“What did that mean?” he mused. “I guess it was because I said the crews rowed in short sleeves.”
Farnham also saw the blush, in the midst of a disquisition which Miss Dallas was delivering upon a new poem of Francois Coppee. He saw the clear, warm color rise and subside like the throbbing of an auroral light in a starry night. He thought he had never seen anything so lovely, but he wondered “what that oaf could have said to make her blush like that. Can it be possible that he——” His brow knitted with anger and contempt.
“Mais, qu’est-ce que vous avez donc?” asked Euphrasia.
Farnham was saved from the necessity of an explanation by Mr. Temple, who came up at that moment, and, laying a hand on Arthur’s shoulder, said:
“Now we will go into my den and have a glass of that sherry. I know no less temptation than Tio Pepe could take you away from Miss Dallas.”
“Thank you awfully,” said the young lady. “Why should you not give Miss Dallas herself an opportunity to decline the Tio Pepe?”
“Miss Dallas shall have some champagne in a few minutes, which she will like very much better. Age and wickedness are required to appreciate sherry.”
“Ah! I congratulate your sherry; it is about to be appreciated,” said the deserted beauty, tartly, as the men moved away.
They entered the little room which Temple called his den, which was a litter of letter-books, stock-lists, and the advertising pamphlets of wine-merchants. The walls were covered with the portraits of trotting horses; a smell of perpetual tobacco was in the air. Temple unlocked a cupboard, and took out a decanter and some glasses. He filled two, and gave one to Arthur, and held the other under his nose.
“Farnham,” he said, with profound solemnity, “if you don’t call that the”—(I decline to follow him in the pyrotechnical combination of oaths with which he introduced the next words)—“best sherry you ever saw, then I’m a converted pacer with the ringbone.”
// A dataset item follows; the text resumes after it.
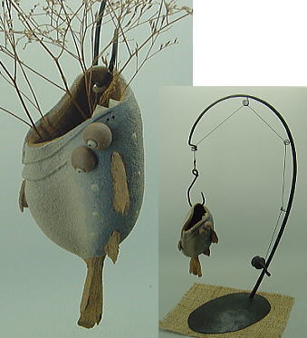 ![]() 鉄のスタンドに吊り下げた さかなつり花器です。 白土、青土、赤土・・・ 櫛目、線彫り、スポイト・・・ 背は、青のグラデーション! さかなは、各種の技法で、 艶消しで土味もあり、 カワイイだす! ワイヤーで吊り下げられ、 自在の☆カンヌキで、 高さの調整が出来ます。 インテリアや、 花のボリュームに合わせて、 楽しんでください。 鉄スタンドの高さが約52cm 結構なボリュームだす! |

Arthur drank his wine, and did not hesitate to admit all that its owner had claimed for it. He had often wondered how such a man as Temple had acquired such an unerring taste.
“Temple,” he said, “how did you ever pick up this wine; and, if you will excuse the question, how did you know it when you got it?”
Temple smiled, evidently pleased with the question. “You’ve been in Spain, haven’t you?”
“Yes,” said Farnham.
“You know this is the genuine stuff, then?”
“No doubt of it.”
“How do you know?”
“The usual way—by seeing and drinking it at the tables of men who know what they are about.”
“Well, I have never been out of the United States, and yet I have learned about wine in just the same way. I commenced in New Orleans among the old Spanish and French Creoles, and have kept it up since, here and there. I can see in five minutes whether a man knows anything about his wine. If he does, I remember every word he says—that is my strong point—head and tongue. I can’t remember sermons and speeches, but I can remember every syllable that Sam Ward said one night at your grandfather’s ten years ago; and if I have once tasted a good wine, I never forget its fashion of taking hold.”